Marcel Hénaff est revenu à plusieurs reprises sur les distinctions que l’on peut faire entre différentes façons de donner. Il ne niait pas la possibilité du don « gracieux », don « sans retour », sans réciprocité, mais il a montré que l’on a quelque raison d’être prudent à son propos. Il y a, par exemple, chez les philosophes, une façon d’affirmer le caractère absolu du don, qui leur permet, à la manière de Derrida, d’en nier la possibilité ou d’en nier la bonté, à la manière d’une tendance de la phénoménologie, de glisser subrepticement, sous la chose donnée, un Donateur que l’on se garde bien de nommer. Il leur manque la piété d’une mère pour faire sentir la concrétude d’une transcendance possible. Quant à moi, je lui ai exprimé ma réserve sur l’idée qu’il y ait pure gratuité. Ou plutôt, je ne nie pas qu’elle puisse exister, je nie que cela soit bon. Une ‘générosité’ qui ne réponde pas à une demande – toujours essentiellement une demande de reconnaissance de l’autre et de soi – et qui, par cela, ne soit pas engagée dans une relation réciproque, c’est une générosité dans le style de celle de Don Juan, qui force l’autre à recevoir « pour l’amour de l’humanité », que ce geste ridiculise, avilit et abolit.

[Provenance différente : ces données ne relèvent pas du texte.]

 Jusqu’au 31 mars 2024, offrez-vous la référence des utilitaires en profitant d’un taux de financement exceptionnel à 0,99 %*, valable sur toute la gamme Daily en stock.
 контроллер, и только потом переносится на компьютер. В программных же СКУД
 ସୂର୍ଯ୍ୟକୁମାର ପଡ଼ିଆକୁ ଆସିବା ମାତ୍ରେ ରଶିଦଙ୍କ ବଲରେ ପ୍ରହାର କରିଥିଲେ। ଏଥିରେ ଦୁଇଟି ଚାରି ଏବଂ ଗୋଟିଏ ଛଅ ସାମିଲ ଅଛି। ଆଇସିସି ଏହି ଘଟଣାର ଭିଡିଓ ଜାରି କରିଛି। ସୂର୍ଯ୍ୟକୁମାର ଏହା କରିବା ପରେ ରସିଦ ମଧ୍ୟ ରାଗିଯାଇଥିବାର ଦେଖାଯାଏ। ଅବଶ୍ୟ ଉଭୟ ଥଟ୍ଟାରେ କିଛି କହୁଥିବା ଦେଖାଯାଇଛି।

Il y avait chez Marcel Hénaff quelque chose du style de Dom Juan [1], car la grâce est non moins une forme d’hypocrisie que toutes les autres façons de se rapporter à l’autre ; elle est aussi une apparence. Il savait le risque que comportent tous les échanges, celui de la tartuferie, mais, au lieu de se moquer, comme le fait un Don Juan, des crédules qui adhèrent naïvement à la sincérité des apparences, par sa bienveillance foncière, incorporée à toutes ses manières, imprégnant toute sa gestualité, il ridiculisait le risque de tartuferie en lui et désarmait tous les Tartufes dès le moment où ils franchissaient le pas de sa porte.

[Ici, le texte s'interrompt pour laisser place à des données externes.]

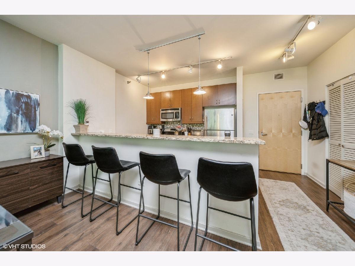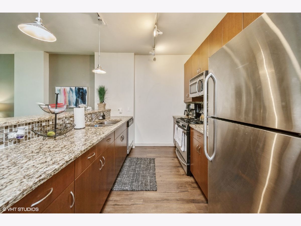 Live at the heart of it all in this modern West Loop condo at the coveted Emerald building! This flawless condo features floor-to-ceiling windows that flood the space with natural light, a massive private balcony, and wide plank hardwood floors throughout. The sleek kitchen boasts granite countertops, premium stainless steel appliances, and 42" custom cabinetry, while the spacious bathroom offers a soaking tub, custom tilework, and a separate glass-enclosed shower. Live with ease in a LEED-certified, full-amenity building offering 24/7 door staff, a state-of-the-art fitness center, resident lounges, and more. HOA covers everything except electricity. Step outside and experience the best of West Loop, just moments from Randolph Street's Restaurant Row, Fulton Market, Whole Foods, public transit, and the top-rated Skinner School District. Heated garage parking available for purchase. Don't miss the opportunity to make this stunning condo yours today!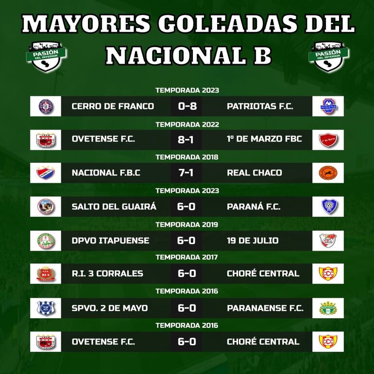 * Grupo B. Cerro Porteño (Presidente Franco) 0 vs. Patriotas FC (Hernandarias) 8, en el estadio Felipe Giménez, en Presidente Franco; hoy (14:45). Guaraní de Trinidad (Itapúa) vs. Nacional (Salto del Guairá), en el estadio Los Fundadores, en Trinidad; Ovetense (Coronel Oviedo) vs. R.I. 3 Corrales (Ciudad del Este), en el estadio Ovetenses Unidos, en Coronel Oviedo. Clasificación: Patriotas 25 puntos, Ovetense 16, R.I. 3 Corrales 15, Nacional SDG 15, Cerro de Franco 5 y Guaraní de Trinidad 1.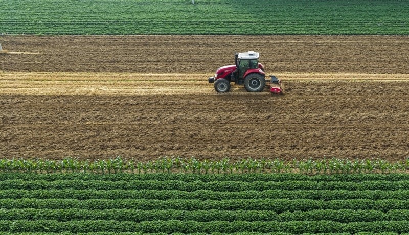 6月19日,河北省遵化市東新莊鎮(zhèn)農民駕駛農機旋耕土地(無人機照片)。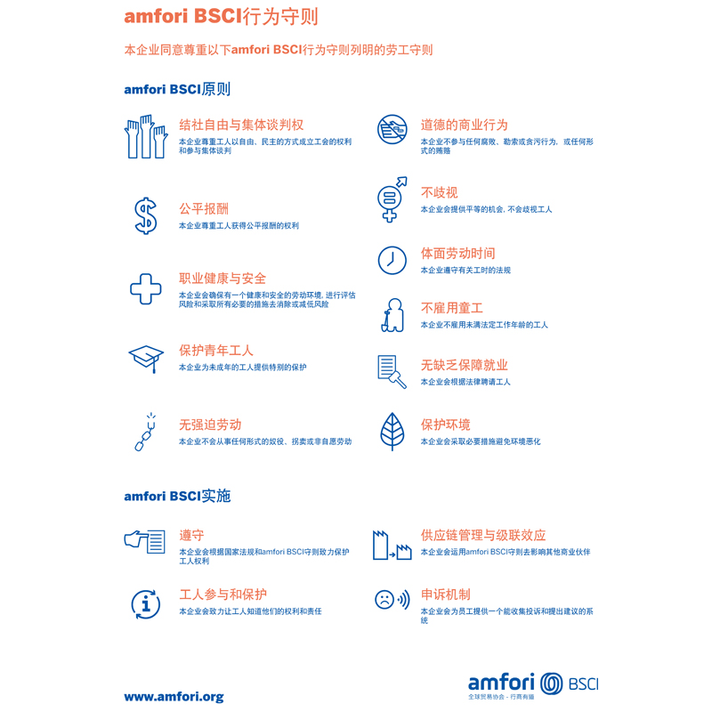 Gemäß den Anforderungen der BSCI-Vorschriften hält sich unser Unternehmen strikt an die im Amfori BSCI-Verhaltenskodex dargelegten Arbeitsrichtlinien, um die wirksame Umsetzung der BSCI-Grundsätze sicherzustellen. Während des Produktionsprozesses respektieren wir das Recht der Arbeitnehmer, auf freie und demokratische Weise Gewerkschaften zu gründen und an Tarifverhandlungen teilzunehmen. Wir verpflichten uns außerdem zur Nichtdiskriminierung, vermeiden den Einsatz von Kinderarbeit und stellen sicher, dass die Arbeitnehmer faire Arbeitspraktiken und Vergütungen erhalten. Darüber hinaus garantieren wir, dass Arbeitnehmer angemessene Arbeitszeiten und andere Grundrechte haben.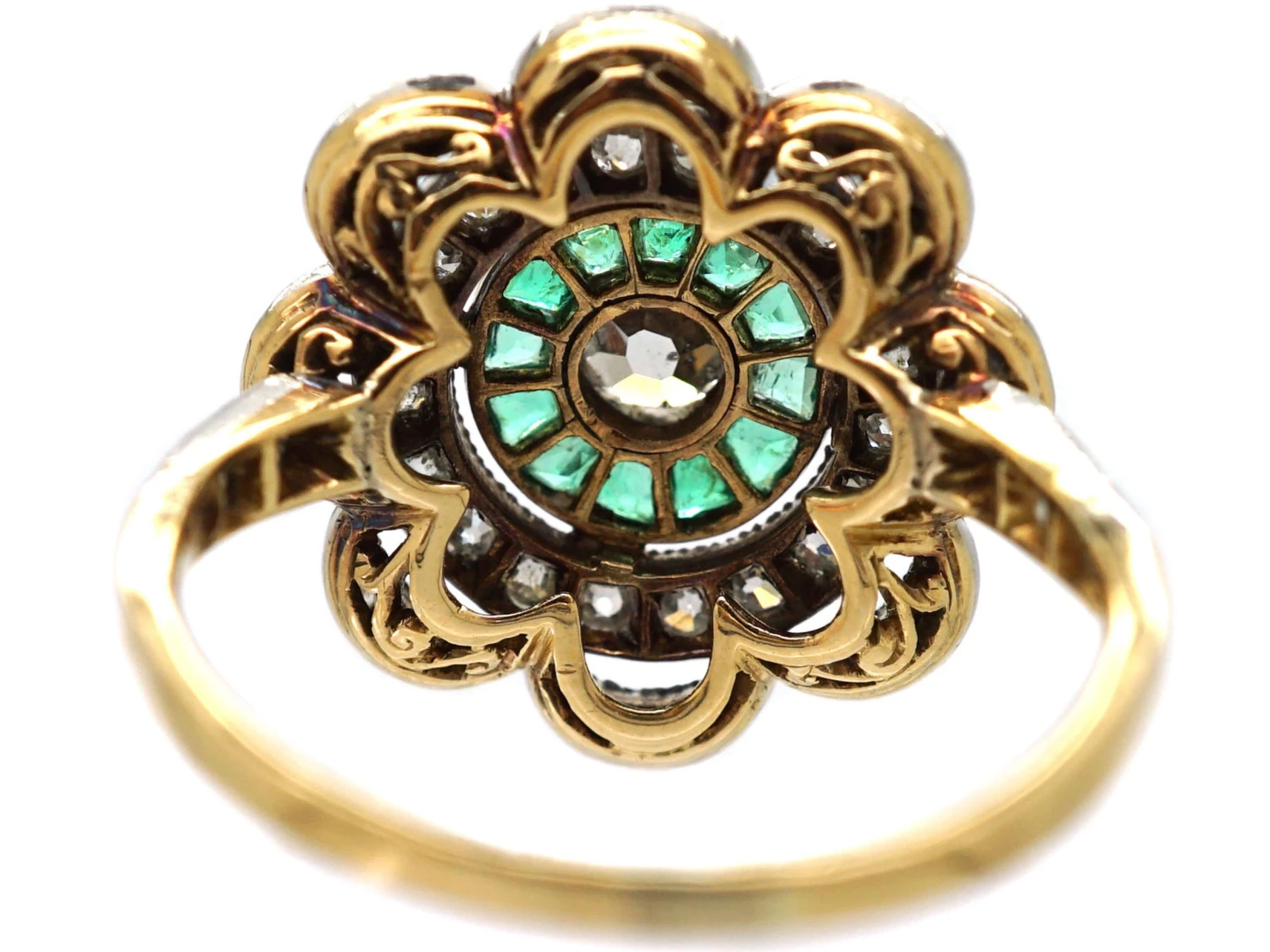 There is something about the Art DecoA movement within the arts between the two Great Wars (1920-1935) across Europe and the US, characterized by its clean, geometric designs. The aesthetic was intended to celebrate an age of progress and the modernity of the machine. style that is at once delicate but also so very determined. This ring is no exception – beautiful, brilliant and ready for anything. The central Old European cutGemstones cut in this style have a smaller table than the round brilliant and the overall depth is greater. This style of cutting was popular in the 19th Century and is the direct predecessor to the modern round Brilliant Cut. Similar to the Old Mine Cut. diamondA precious, lustrous gemstone made of highly compressed carbon. Diamonds are one of the hardest materials known to mankind. Colours of diamonds range from colourless, yellow, orange and brown to almost black. Natural coloured (or ‘fancy’) diamonds can be extremely rare. The cut, colour, clarity and carat weight of a diamond are the criteria jewellers use… is raised above a border of calibre cutTypically small, fancy-cut faceted stones in the shape of rectangles, squares, oblongs or other specialty shapes cut to fit very closely together in a setting to create a design that often outlines or accents a larger motif. Calibre-cut comes from the word calibration which means to divide or mark with gradations. This style of stone cutting was made popular… emeralds, which, in turn, are surrounded by a border of pretty little single cutA round stone with just 18 facets, top and bottom, used only on very small stones. diamonds in a millegrainA tiny decorative feature – normally in platiunum – in which minute beads of metal are raised along the edge of a setting, which adds texture and enhances the sparkling effect. setting. But it does not stop there. The diamond set scalloped border brings this ring to full bloom. It sits low on the finger so it is a practical ring to wear.

André Sauge, depuis le Bugey

NOTES

[1J’aimerais que l’on ne se trompe pas de référence : je pense évidemment au Don Juan de la pièce de Molière, dont Michel Serres est le premier, je suppose, à avoir montré qu’il y est question de communication. Le premier échange dans la pièce sert de paradigme à tous ceux qui suivent : il suffit de promettre d’épouser – de s’engager par un contrat – pour inspirer confiance et faire croire à la vérité d’un sentiment. Molière met en scène un personnage qui prend appui cyniquement sur la crédulité de partenaires flattés de l’attention qu’il leur porte. Cela lui permet de démasquer tous les lieux, socialement codifiés, d’une hypocrise potentielle, conversations de salon, mariage, honneur, aumône, au XVIIe siècle encore, manifestations de la piété, achat de son salut à l’heure de la mort (« le solde de la vérité »). Quand je dis qu’il y avait quelque chose de Don Juan en Marcel, je pensais à ce dont le personnage de Molière est l’opérateur. Seulement, au lieu de le faire négativement, comme Don Juan, il revient inlassablement à ce qu’il y a de nodal dans les échanges, pour les saisir là où les partenaires ne peuvent pas se dérober, leur relation réciproque qu’instaure leur inscription dans une institution symbolique, en dernière instance, la langue qui fait d’eux des êtres de parole. Certes le lien de la parole est chose si immatérielle que nul n’en est tenu. Mais qui ne se tient pas à sa parole – qui se moque de l’honneur de soi – s’engage sur la voie d’une mécanique verbale dès l’origine détraquée.